YOUR ASSIGNMENT ▸
Begin at the top of the records below and return each line exactly through the line with "東京都中央区京橋1丁目15−1 栄養ケアお客様係:0120−814−222 |". Skip pictures.

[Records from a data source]
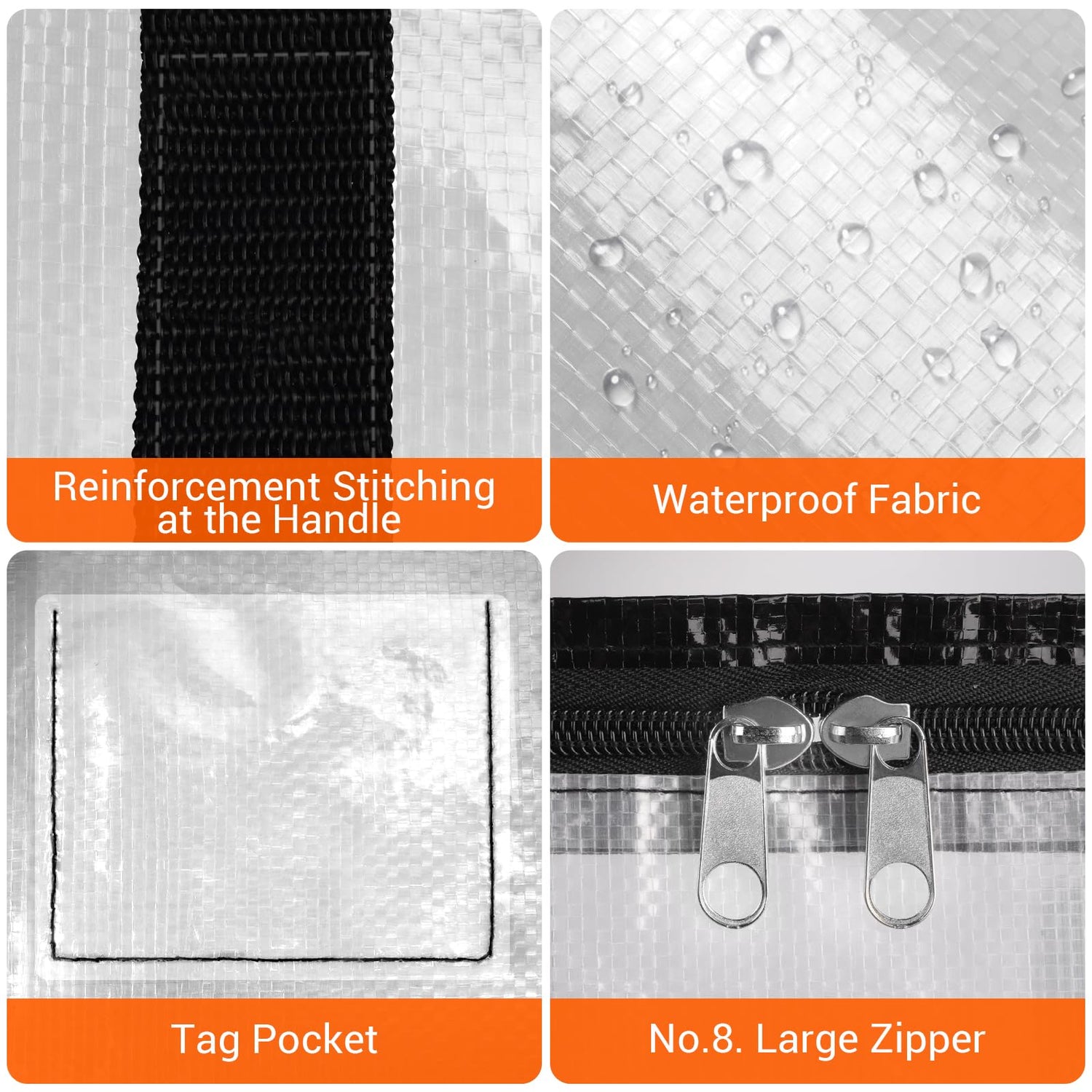 - Convenient Double-Zipper & Wide Opening: Our moving bags equipped with high-quality double zippers. And the wide open-top design makes loading and unloading your items a breeze, while the transparent material allows for quick identification of contents, saving you time and hassle
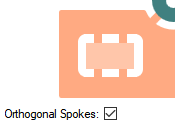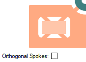 Orthogonal Spokes, when selected, this causes spokes to be orthogonal to the pad shape. This has no effect on round pads. On other shapes the spokes take the shortest distance across the gap from the same point where the angled spoke would have started. When unchecked, the spokes simply follow the line from the pad centre as shown below.
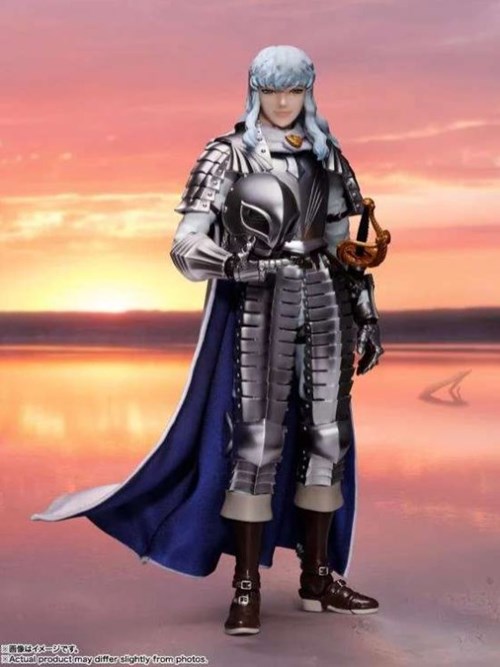 Griffith include diverse espressioni facciali, un elmo e una spada, tutti riprodotti con la tecnologia di colorazione digitale Tamashii.
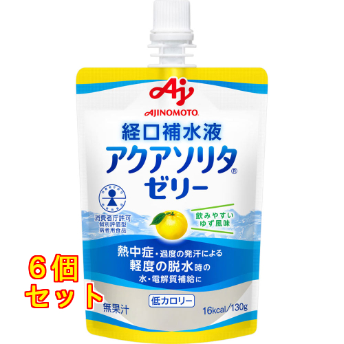 | 商品名 経口補水液 アクアソリタゼリー ゆず風味 内容量 130g 商品説明 ●熱中症・過度の発汗による軽度の脱水時の水・電解質補給に適した経口補水液です。 ●低カロリー ●特別用途食品個別評価型病者用食品。 ●飲みやすいゆず風味 原材料 ぶどう糖(国内製造)、寒天、食塩/酸味料、ゲル化剤(増粘多糖類)、甘味料(キシリトール、アスパルテーム・L−フェニルアラニン化合物、アセスルファムK、スクラロース)、塩化K、リン酸K、塩化Ca、塩化Mg、香料、乳化剤 栄養成分 1袋(130g)あたり エネルギー16kcal、タンパク質0g、脂質0mg、炭水化物4.1mg、ナトリウム0mg、食塩相当量0.27mg お問い合わせ先 味の素株式会社 東京都中央区京橋1丁目15−1 栄養ケアお客様係:0120−814−222 |
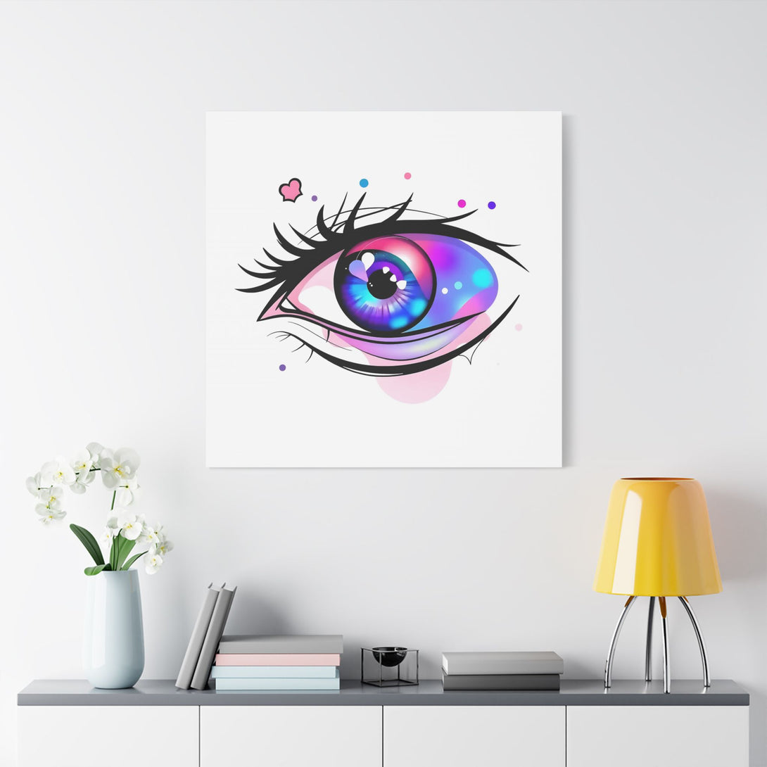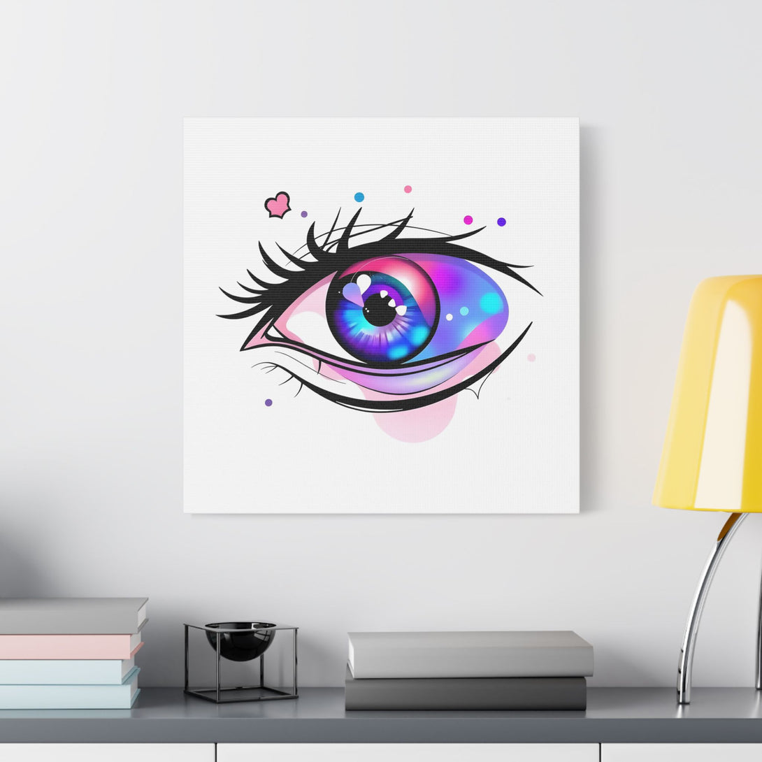 You know that feeling when you blink and see the world fresh for a second? That's Neon Heart Mirage. It’s like a little burst of a late-night daydream. The iris is all candy-bright electric blues and purples, with a hot pink flare that really pops. I kept the outline soft and sketchy to make it feel playful and spontaneous. Those tiny dots and the one little heart? They’re like random, happy thoughts drifting away from its gaze.
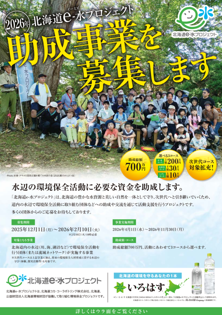【助成金】2026年「北海道e-水プロジェクト」助成事業を募集します!(締切 2/10)
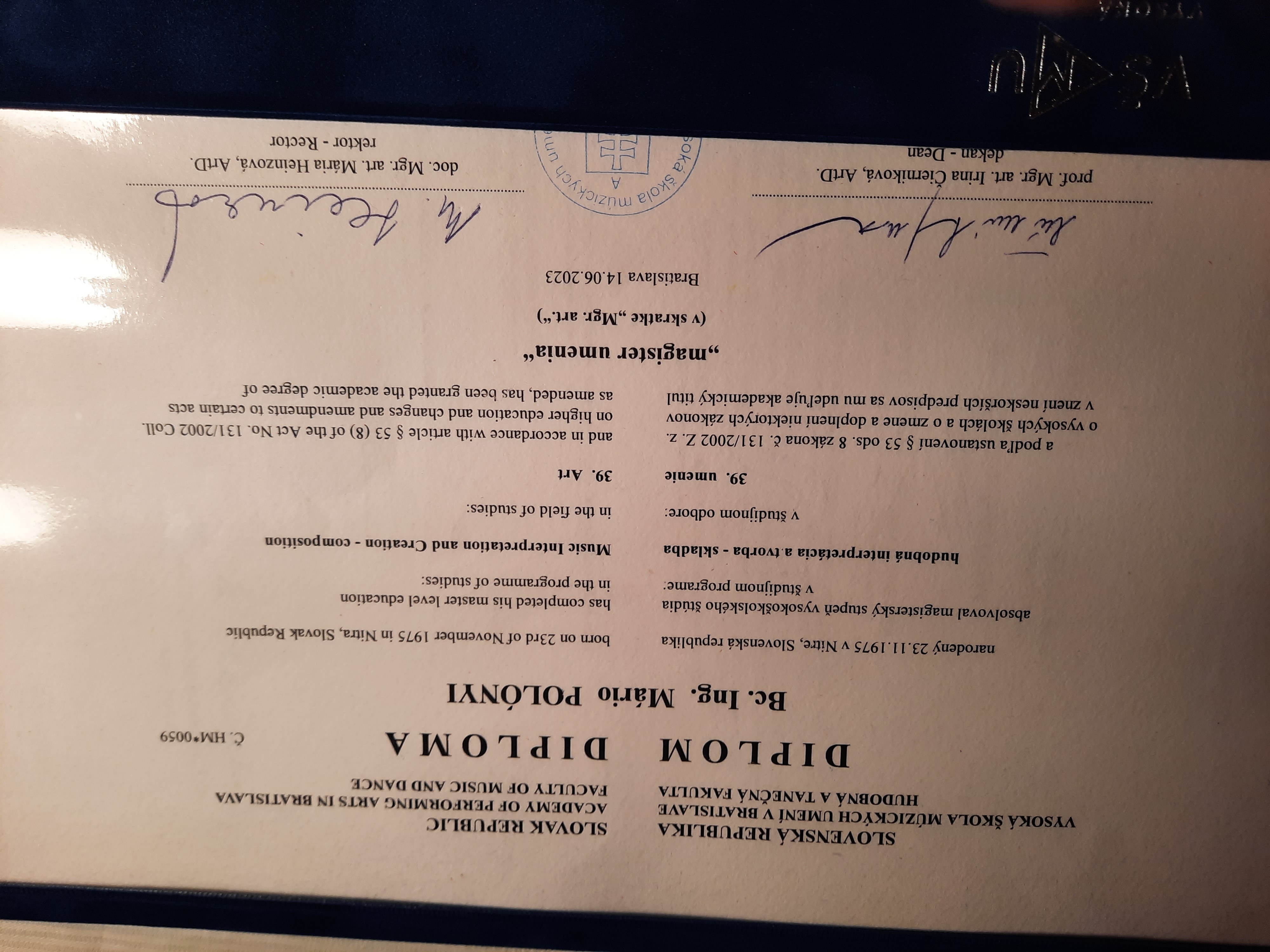 I completed my bachelor bass guitar studies at Ján Albrecht music and art academy Banská Štiavnica in 2016 and my master degree composition studies at the University of Performing Arts in Bratislava in 2023. Between 2001 and 2006 I was working as a guitar and bass guitar teacher for Musicana, a private musical academy in Bratislava. In 2016 and 2017 I was working as a bass guitar teacher in the Private Conservatory of Dezider Kardoš in Topoľčany, Slovakia. Since 2024, I've bee working as a guitar teacher in Art Pegas, en elementary music school in Bratislava. During all these years, I was also giving private music lessons.
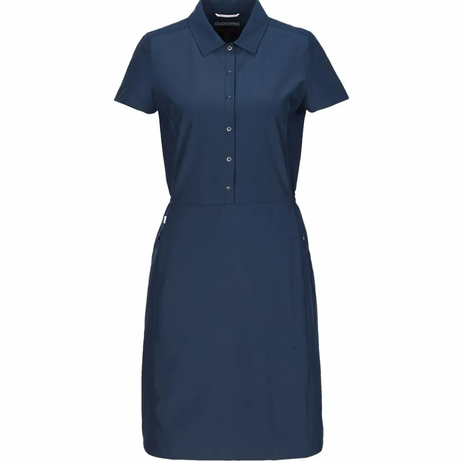 Das pflegeleichte Kleid bekommt durch den umgeschlagenen Kragen und die halblange Druckknopfleiste einen eleganten Look. Die teilelastische Taille lässt eine feminine Silhouette entstehen und wird durch eine Bewegungsfalte im Rücken harmonisch ergänzt. Für die schnelle Wäsche unterwegs stehen dir praktische Drying Loops zur Verfügung.
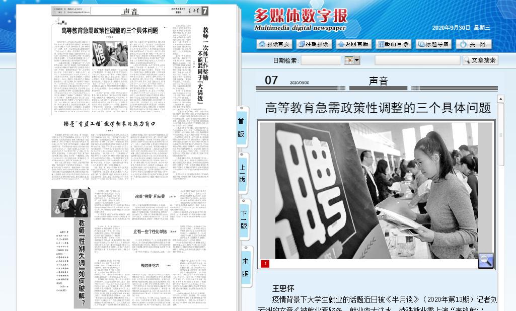 陜西高校教學名師、商洛市名師、我校馬克思主義學院教授王思懷在《教師報》2020年9月30日理論版面頭條位置發(fā)表署名文章,直面高等教育就業(yè)率、獎助學金、學業(yè)縮水問題,全文如下:
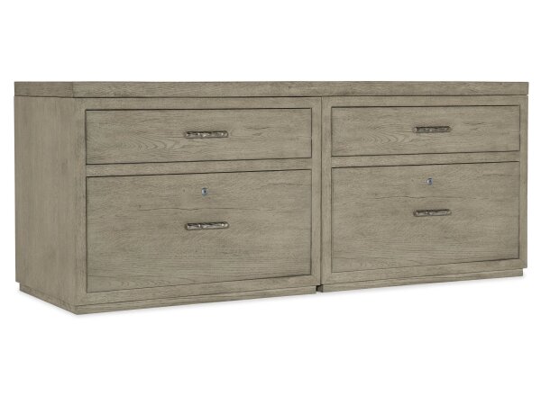 Smoked gray Mink oak-veneer credenza with a 72 in. top and two lateral files. Four drawers include two utility drawers and lower locking file drawers with pendaflex; finished back for floating placement.
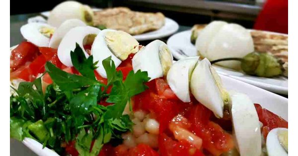 Salatanın içerisinde garnitür sebzeleri ve patates kullanılır.
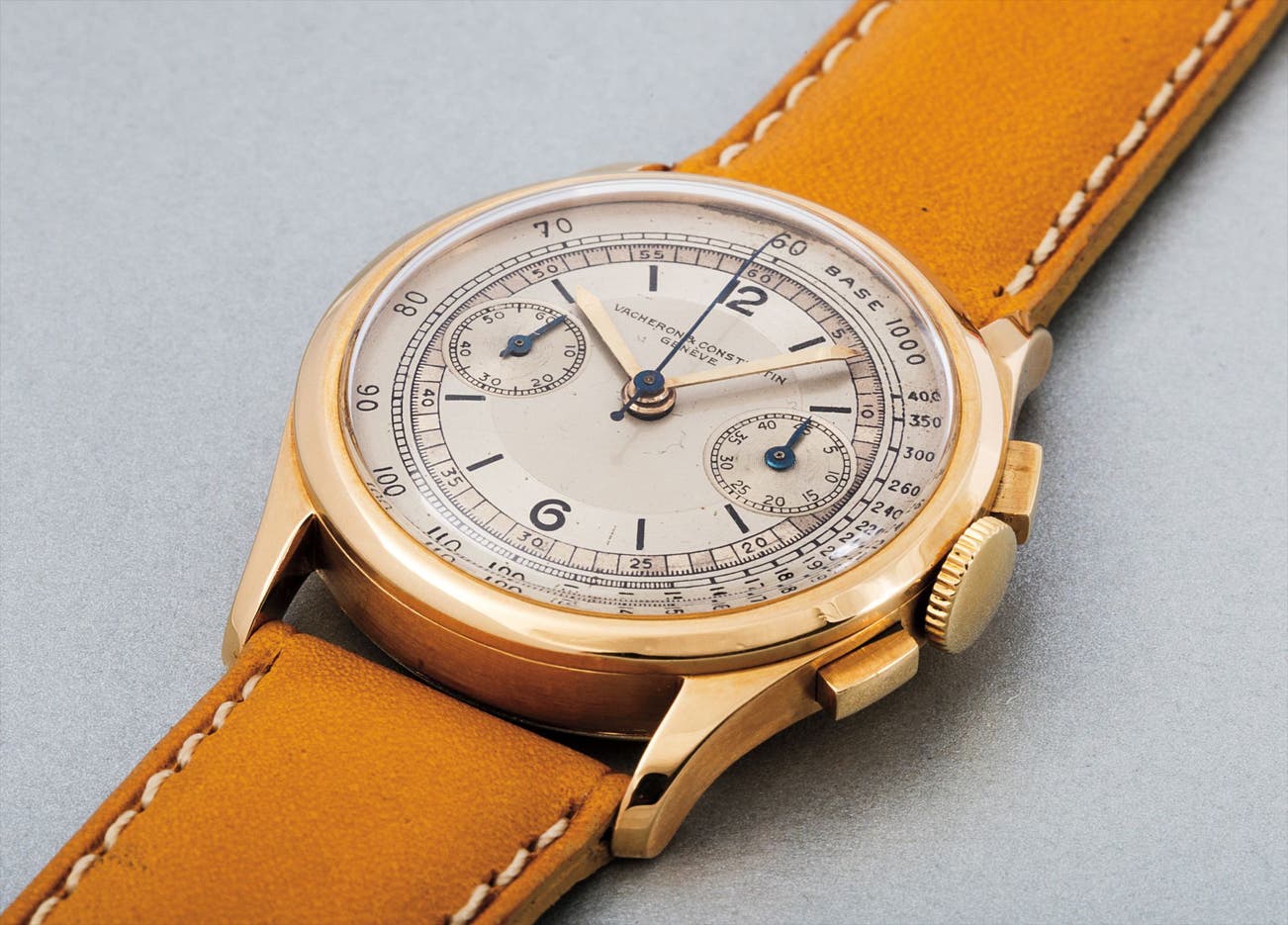 It is rare to find a gold chronograph of such refined design and such unrestored, but excellent condition by any maker from the early 1940's. This reference 4072 by Vacheron Constantin is a particularly rare gem.

SOLUTION TO THE EXERCISE ▸
 - Convenient Double-Zipper & Wide Opening: Our moving bags equipped with high-quality double zippers. And the wide open-top design makes loading and unloading your items a breeze, while the transparent material allows for quick identification of contents, saving you time and hassle
 Orthogonal Spokes, when selected, this causes spokes to be orthogonal to the pad shape. This has no effect on round pads. On other shapes the spokes take the shortest distance across the gap from the same point where the angled spoke would have started. When unchecked, the spokes simply follow the line from the pad centre as shown below.
 Griffith include diverse espressioni facciali, un elmo e una spada, tutti riprodotti con la tecnologia di colorazione digitale Tamashii.
 | 商品名 経口補水液 アクアソリタゼリー ゆず風味 内容量 130g 商品説明 ●熱中症・過度の発汗による軽度の脱水時の水・電解質補給に適した経口補水液です。 ●低カロリー ●特別用途食品個別評価型病者用食品。 ●飲みやすいゆず風味 原材料 ぶどう糖(国内製造)、寒天、食塩/酸味料、ゲル化剤(増粘多糖類)、甘味料(キシリトール、アスパルテーム・L−フェニルアラニン化合物、アセスルファムK、スクラロース)、塩化K、リン酸K、塩化Ca、塩化Mg、香料、乳化剤 栄養成分 1袋(130g)あたり エネルギー16kcal、タンパク質0g、脂質0mg、炭水化物4.1mg、ナトリウム0mg、食塩相当量0.27mg お問い合わせ先 味の素株式会社 東京都中央区京橋1丁目15−1 栄養ケアお客様係:0120−814−222 |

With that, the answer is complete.